Recognizing risk: bowel resection in the chronic renal failure population
- PMID: 22972012
- DOI: 10.1007/s11605-012-2027-y
Recognizing risk: bowel resection in the chronic renal failure population
Abstract
Background: There is a paucity of quality data on the effects of chronic kidney disease in abdominal surgery. The aim of this study was to define the risk and outcome predictors of bowel resection in stage 5 chronic kidney disease using a large national clinical database.
Methods: The American College of Surgeons National Surgical Quality Improvement Program database was queried from years 2005-2010 for major bowel resection in dialysis-dependent patients. Patient demographics, preoperative risk factors, and intraoperative variables were evaluated. Primary endpoints were mortality and morbidity after 30 days. Predictors of outcome were assessed by multivariate regression.
Results: The study included 1,685 patients with chronic kidney disease undergoing bowel resection. Overall mortality and morbidity were 27.5 and 58.3 %, respectively. Acute presentation was the strongest predictor of mortality (OR 2.39, CI 1.54-3.72, p < 0.001). Other predictors of mortality included hypoalbuminemia (OR 2.12, CI 1.39-3.24, p < 0.001), pulmonary comorbidity (OR 2.25, CI 1.67-3.03, p < 0.001), and cardiac comorbidity (OR 1.54, CI 1.16-2.05, p = 0.003).
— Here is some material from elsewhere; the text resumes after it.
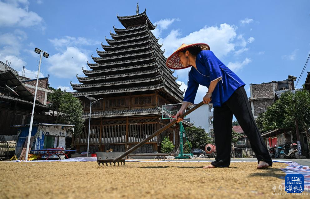 吳春月在三江侗族自治縣良口鄉(xiāng)產(chǎn)口村曬稻谷(8月29日攝)。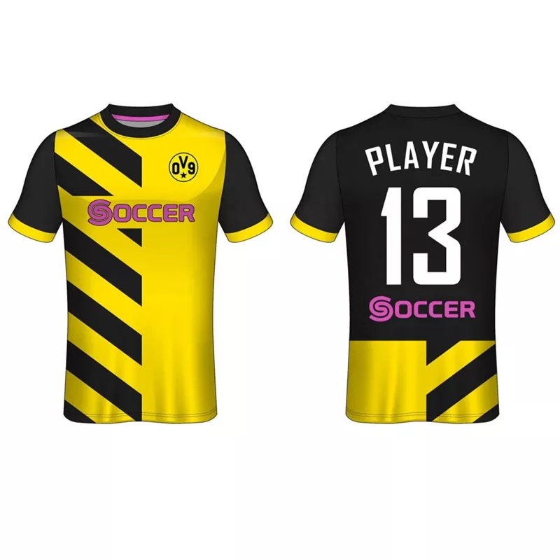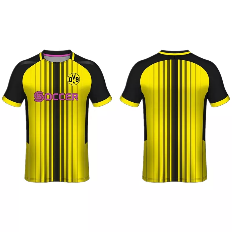సబ్లిమేషన్ ప్రింటింగ్ అనేది సాకర్ జెర్సీలకు అనువైనది ఎందుకంటే ఇది హై-డెఫినిషన్ ప్రింట్లను సౌందర్యంగా ఆకట్టుకునేలా మాత్రమే కాకుండా చాలా మన్నికైనదిగా కూడా అనుమతిస్తుంది. ఈ ప్రక్రియ సంక్లిష్టమైన నమూనాలు, లోగోలు, నంబర్లు మరియు స్పాన్సర్ వివరాలతో కూడిన జెర్సీలను ఉత్పత్తి చేయడానికి మాకు వీలు కల్పిస్తుంది, అవి విస్తృతమైన దుస్తులు మరియు వాషింగ్ తర్వాత కూడా పదునైన మరియు శక్తివంతమైనవిగా ఉంటాయి. సాంప్రదాయ స్క్రీన్ ప్రింటింగ్ వలె కాకుండా, సబ్లిమేషన్ డిజైన్ ఫాబ్రిక్లో భాగమని నిర్ధారిస్తుంది, కాబట్టి ప్రింట్ పై తొక్క లేదా పగుళ్లు ఏర్పడదు, ఇది సాకర్ జెర్సీల వంటి యాక్టివ్వేర్లకు సరైనది.

Conclusion: This study demonstrates that bowel resection in patients with chronic kidney disease confers a high mortality risk. Preoperative optimization of comorbid conditions may reduce mortality after bowel resection in dialysis-dependent patients. In addition, laparoscopy was associated with a reduction in postoperative morbidity suggesting that it should be used preferentially.